■ **Task objective**
Please give all of the data again, character for character, and drop the pictures.

■ **Information provided**
----------
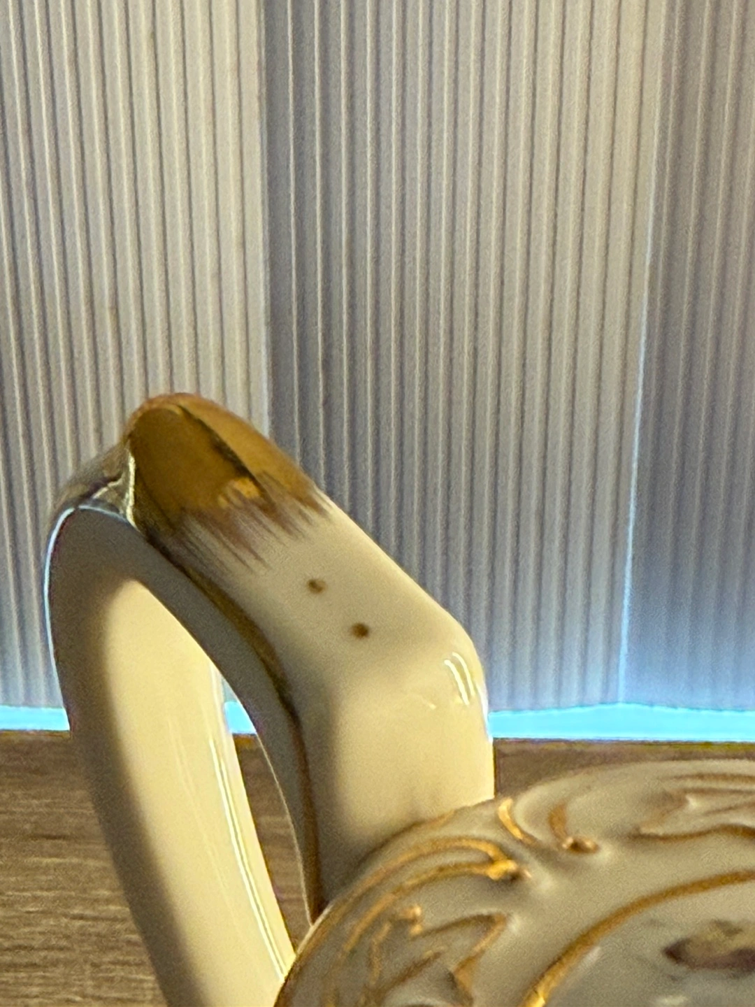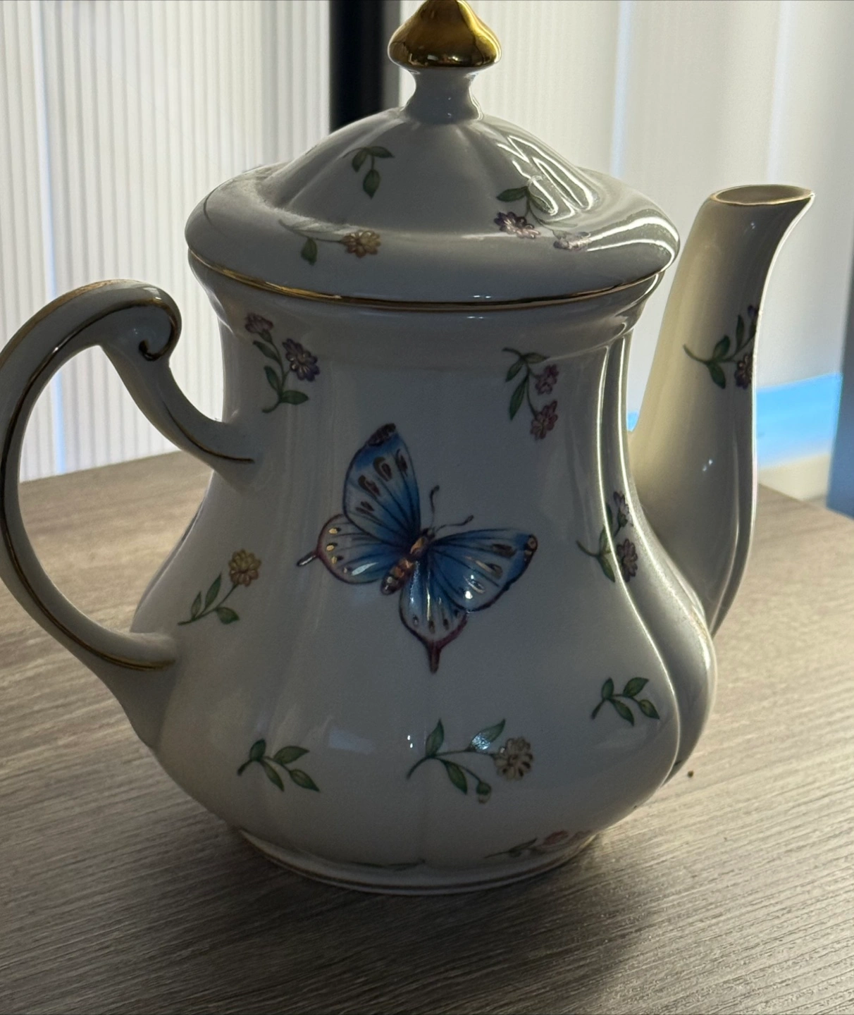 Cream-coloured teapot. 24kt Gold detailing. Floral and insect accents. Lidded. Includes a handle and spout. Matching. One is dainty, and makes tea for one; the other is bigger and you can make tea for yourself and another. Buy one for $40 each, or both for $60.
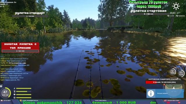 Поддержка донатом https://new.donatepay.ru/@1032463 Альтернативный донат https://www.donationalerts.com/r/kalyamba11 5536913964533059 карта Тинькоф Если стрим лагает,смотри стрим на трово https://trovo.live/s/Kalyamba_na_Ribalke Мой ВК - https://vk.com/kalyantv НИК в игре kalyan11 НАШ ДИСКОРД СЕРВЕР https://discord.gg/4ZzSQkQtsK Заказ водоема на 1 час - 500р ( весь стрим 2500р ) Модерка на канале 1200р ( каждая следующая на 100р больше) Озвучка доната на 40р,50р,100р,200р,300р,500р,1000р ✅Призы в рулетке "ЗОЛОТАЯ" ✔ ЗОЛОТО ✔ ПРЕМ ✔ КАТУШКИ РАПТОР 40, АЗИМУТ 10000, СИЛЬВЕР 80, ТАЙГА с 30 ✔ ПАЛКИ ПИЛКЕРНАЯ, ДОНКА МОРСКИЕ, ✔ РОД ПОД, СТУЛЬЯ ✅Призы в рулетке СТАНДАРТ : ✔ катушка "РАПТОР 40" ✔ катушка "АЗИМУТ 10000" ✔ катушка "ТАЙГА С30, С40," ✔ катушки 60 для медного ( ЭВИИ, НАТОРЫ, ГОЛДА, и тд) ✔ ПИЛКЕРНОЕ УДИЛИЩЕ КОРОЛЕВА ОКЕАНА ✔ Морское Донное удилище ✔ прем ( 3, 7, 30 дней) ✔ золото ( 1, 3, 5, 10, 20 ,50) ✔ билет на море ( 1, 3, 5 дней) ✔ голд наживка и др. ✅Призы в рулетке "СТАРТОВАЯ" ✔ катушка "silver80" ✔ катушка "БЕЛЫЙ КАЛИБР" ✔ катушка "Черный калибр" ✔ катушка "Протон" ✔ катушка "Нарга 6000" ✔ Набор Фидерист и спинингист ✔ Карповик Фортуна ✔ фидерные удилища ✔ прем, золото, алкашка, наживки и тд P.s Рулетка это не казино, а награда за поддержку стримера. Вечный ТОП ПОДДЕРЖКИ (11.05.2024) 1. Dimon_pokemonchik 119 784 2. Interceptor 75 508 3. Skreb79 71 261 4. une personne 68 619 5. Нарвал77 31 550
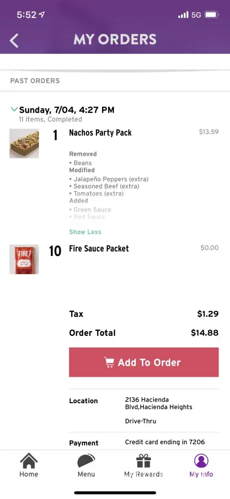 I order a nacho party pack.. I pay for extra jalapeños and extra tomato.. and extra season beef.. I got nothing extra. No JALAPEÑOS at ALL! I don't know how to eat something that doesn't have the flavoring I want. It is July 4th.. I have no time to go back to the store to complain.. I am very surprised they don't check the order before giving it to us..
----------
■ **Answer for this exercise**
 Cream-coloured teapot. 24kt Gold detailing. Floral and insect accents. Lidded. Includes a handle and spout. Matching. One is dainty, and makes tea for one; the other is bigger and you can make tea for yourself and another. Buy one for $40 each, or both for $60.
 Поддержка донатом https://new.donatepay.ru/@1032463 Альтернативный донат https://www.donationalerts.com/r/kalyamba11 5536913964533059 карта Тинькоф Если стрим лагает,смотри стрим на трово https://trovo.live/s/Kalyamba_na_Ribalke Мой ВК - https://vk.com/kalyantv НИК в игре kalyan11 НАШ ДИСКОРД СЕРВЕР https://discord.gg/4ZzSQkQtsK Заказ водоема на 1 час - 500р ( весь стрим 2500р ) Модерка на канале 1200р ( каждая следующая на 100р больше) Озвучка доната на 40р,50р,100р,200р,300р,500р,1000р ✅Призы в рулетке "ЗОЛОТАЯ" ✔ ЗОЛОТО ✔ ПРЕМ ✔ КАТУШКИ РАПТОР 40, АЗИМУТ 10000, СИЛЬВЕР 80, ТАЙГА с 30 ✔ ПАЛКИ ПИЛКЕРНАЯ, ДОНКА МОРСКИЕ, ✔ РОД ПОД, СТУЛЬЯ ✅Призы в рулетке СТАНДАРТ : ✔ катушка "РАПТОР 40" ✔ катушка "АЗИМУТ 10000" ✔ катушка "ТАЙГА С30, С40," ✔ катушки 60 для медного ( ЭВИИ, НАТОРЫ, ГОЛДА, и тд) ✔ ПИЛКЕРНОЕ УДИЛИЩЕ КОРОЛЕВА ОКЕАНА ✔ Морское Донное удилище ✔ прем ( 3, 7, 30 дней) ✔ золото ( 1, 3, 5, 10, 20 ,50) ✔ билет на море ( 1, 3, 5 дней) ✔ голд наживка и др. ✅Призы в рулетке "СТАРТОВАЯ" ✔ катушка "silver80" ✔ катушка "БЕЛЫЙ КАЛИБР" ✔ катушка "Черный калибр" ✔ катушка "Протон" ✔ катушка "Нарга 6000" ✔ Набор Фидерист и спинингист ✔ Карповик Фортуна ✔ фидерные удилища ✔ прем, золото, алкашка, наживки и тд P.s Рулетка это не казино, а награда за поддержку стримера. Вечный ТОП ПОДДЕРЖКИ (11.05.2024) 1. Dimon_pokemonchik 119 784 2. Interceptor 75 508 3. Skreb79 71 261 4. une personne 68 619 5. Нарвал77 31 550
 I order a nacho party pack.. I pay for extra jalapeños and extra tomato.. and extra season beef.. I got nothing extra. No JALAPEÑOS at ALL! I don't know how to eat something that doesn't have the flavoring I want. It is July 4th.. I have no time to go back to the store to complain.. I am very surprised they don't check the order before giving it to us..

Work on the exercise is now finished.